__Source material__:
* * *

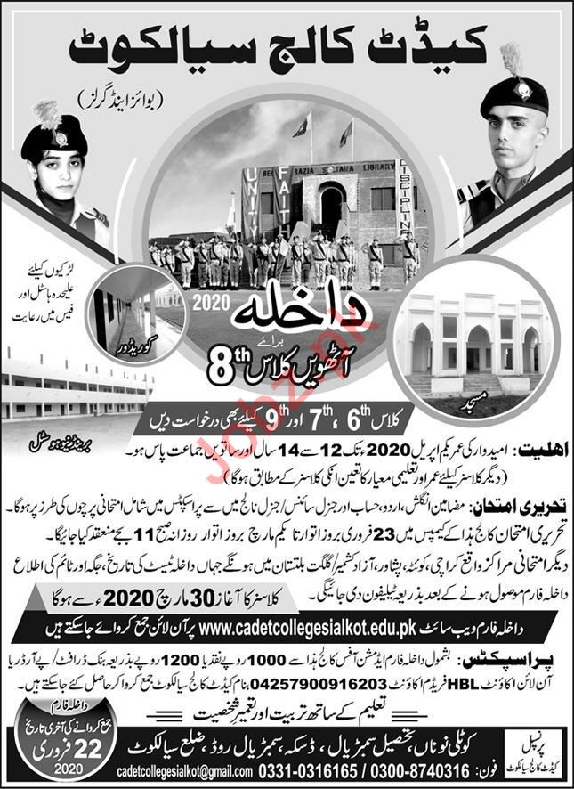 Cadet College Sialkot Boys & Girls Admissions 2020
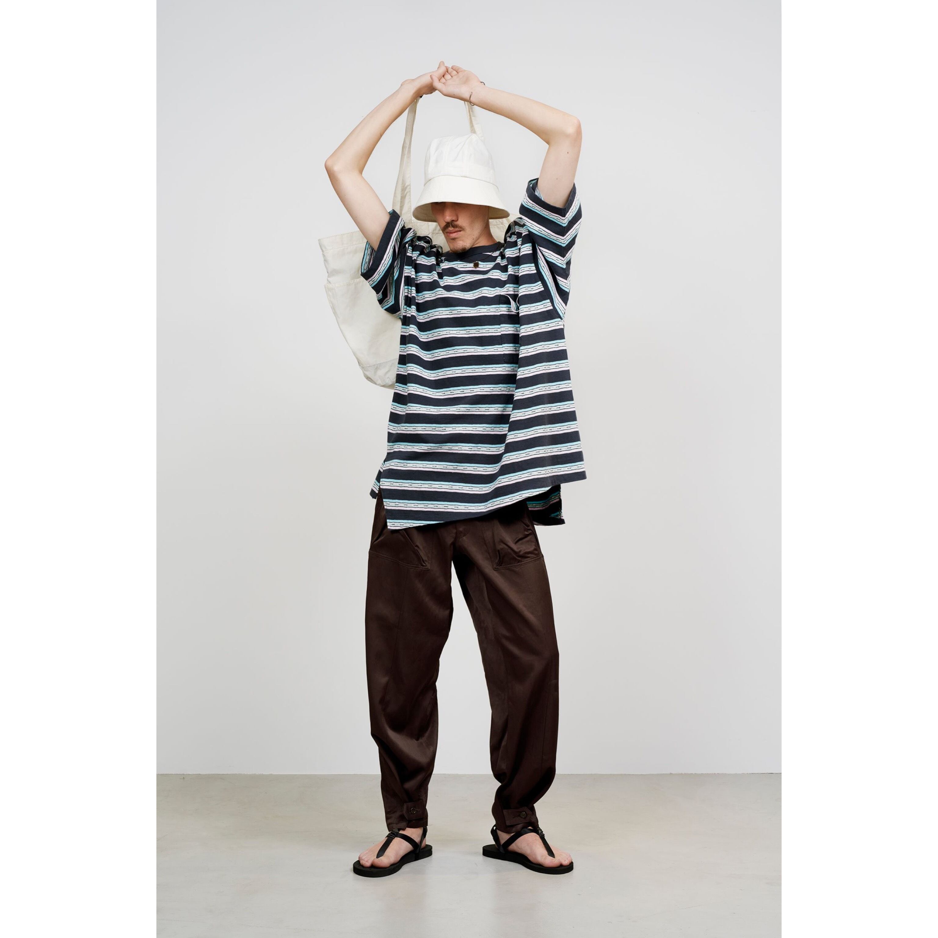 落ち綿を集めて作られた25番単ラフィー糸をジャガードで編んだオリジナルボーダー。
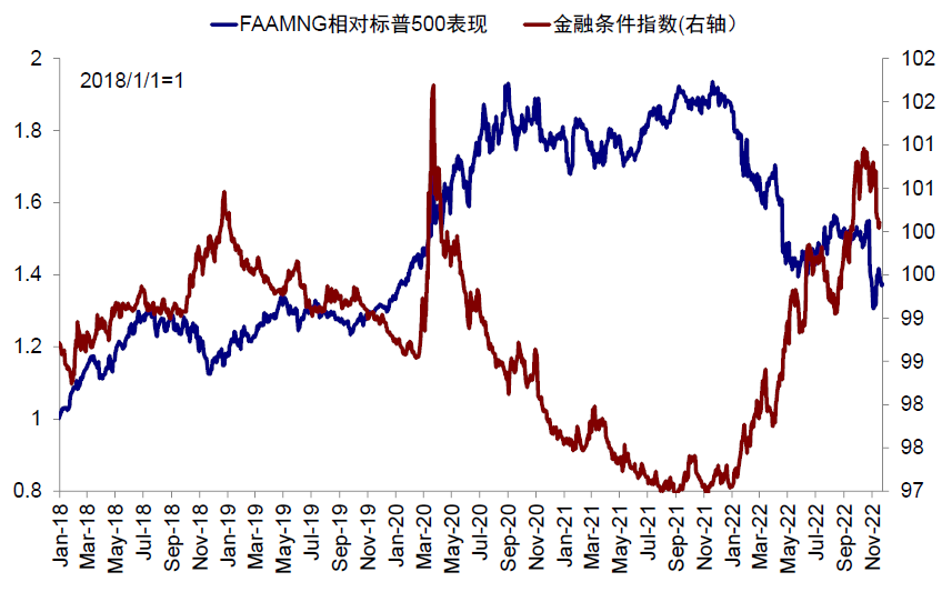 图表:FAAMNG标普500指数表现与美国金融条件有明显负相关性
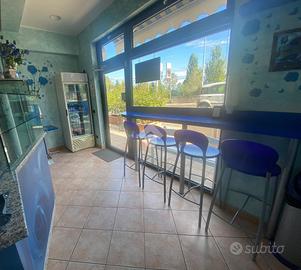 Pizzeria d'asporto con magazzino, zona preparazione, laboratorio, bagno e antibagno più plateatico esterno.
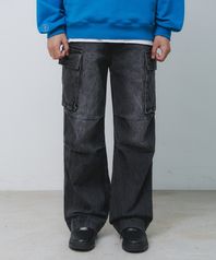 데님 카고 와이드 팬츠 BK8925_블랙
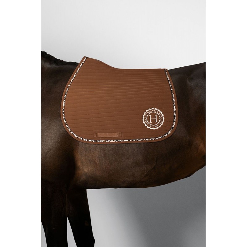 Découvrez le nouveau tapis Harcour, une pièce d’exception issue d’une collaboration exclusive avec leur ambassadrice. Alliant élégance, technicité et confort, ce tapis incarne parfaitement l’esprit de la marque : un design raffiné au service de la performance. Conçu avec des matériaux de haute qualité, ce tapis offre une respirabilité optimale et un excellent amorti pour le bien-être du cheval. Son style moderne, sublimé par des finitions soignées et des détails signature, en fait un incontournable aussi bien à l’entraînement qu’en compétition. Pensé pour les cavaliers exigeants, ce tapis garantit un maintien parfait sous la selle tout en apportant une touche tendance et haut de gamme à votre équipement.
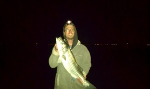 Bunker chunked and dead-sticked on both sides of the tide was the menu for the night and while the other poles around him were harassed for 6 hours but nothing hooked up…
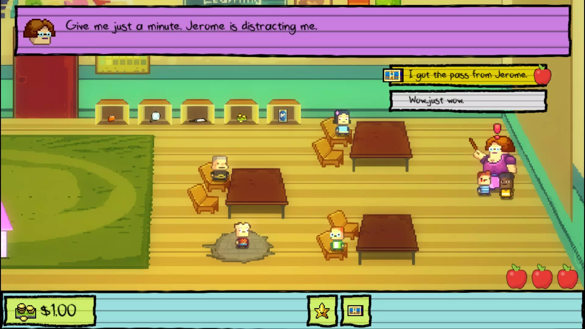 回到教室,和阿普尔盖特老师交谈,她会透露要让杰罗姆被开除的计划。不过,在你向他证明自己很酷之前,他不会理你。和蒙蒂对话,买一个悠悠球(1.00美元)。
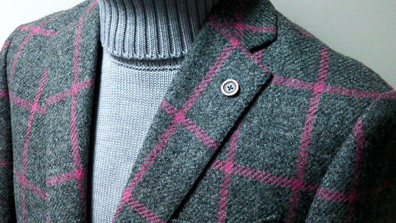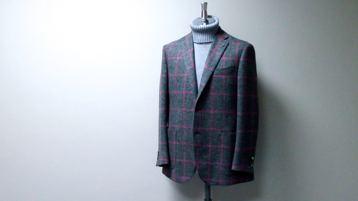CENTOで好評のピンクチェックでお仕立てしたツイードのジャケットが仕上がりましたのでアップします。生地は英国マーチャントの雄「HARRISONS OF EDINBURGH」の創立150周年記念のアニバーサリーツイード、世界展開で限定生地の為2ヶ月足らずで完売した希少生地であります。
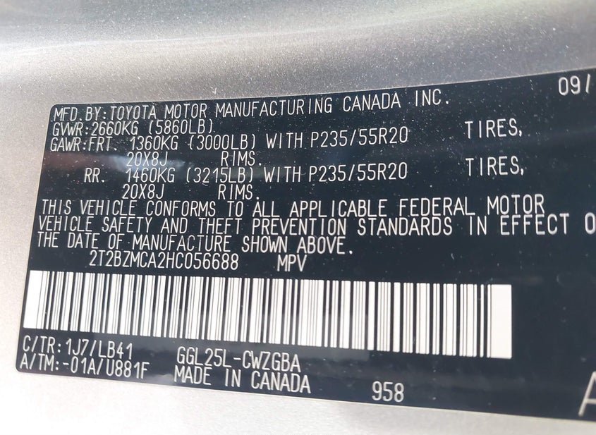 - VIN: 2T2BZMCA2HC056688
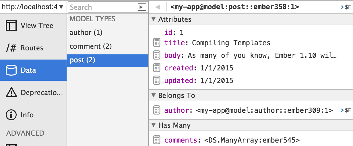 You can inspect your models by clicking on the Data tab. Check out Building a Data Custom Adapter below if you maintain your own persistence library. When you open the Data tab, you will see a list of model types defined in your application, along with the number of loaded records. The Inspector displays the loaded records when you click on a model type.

* * *

Every line above in the stretch from the one with "图表:FAAMNG标普500指数表现与美国金融条件有明显负相关性" through the one with "데님 카고 와이드 팬츠 BK8925_블랙" is to be transcribed exactly, ends included. No picture is copied.

 图表:FAAMNG标普500指数表现与美国金融条件有明显负相关性
 Pizzeria d'asporto con magazzino, zona preparazione, laboratorio, bagno e antibagno più plateatico esterno.
 데님 카고 와이드 팬츠 BK8925_블랙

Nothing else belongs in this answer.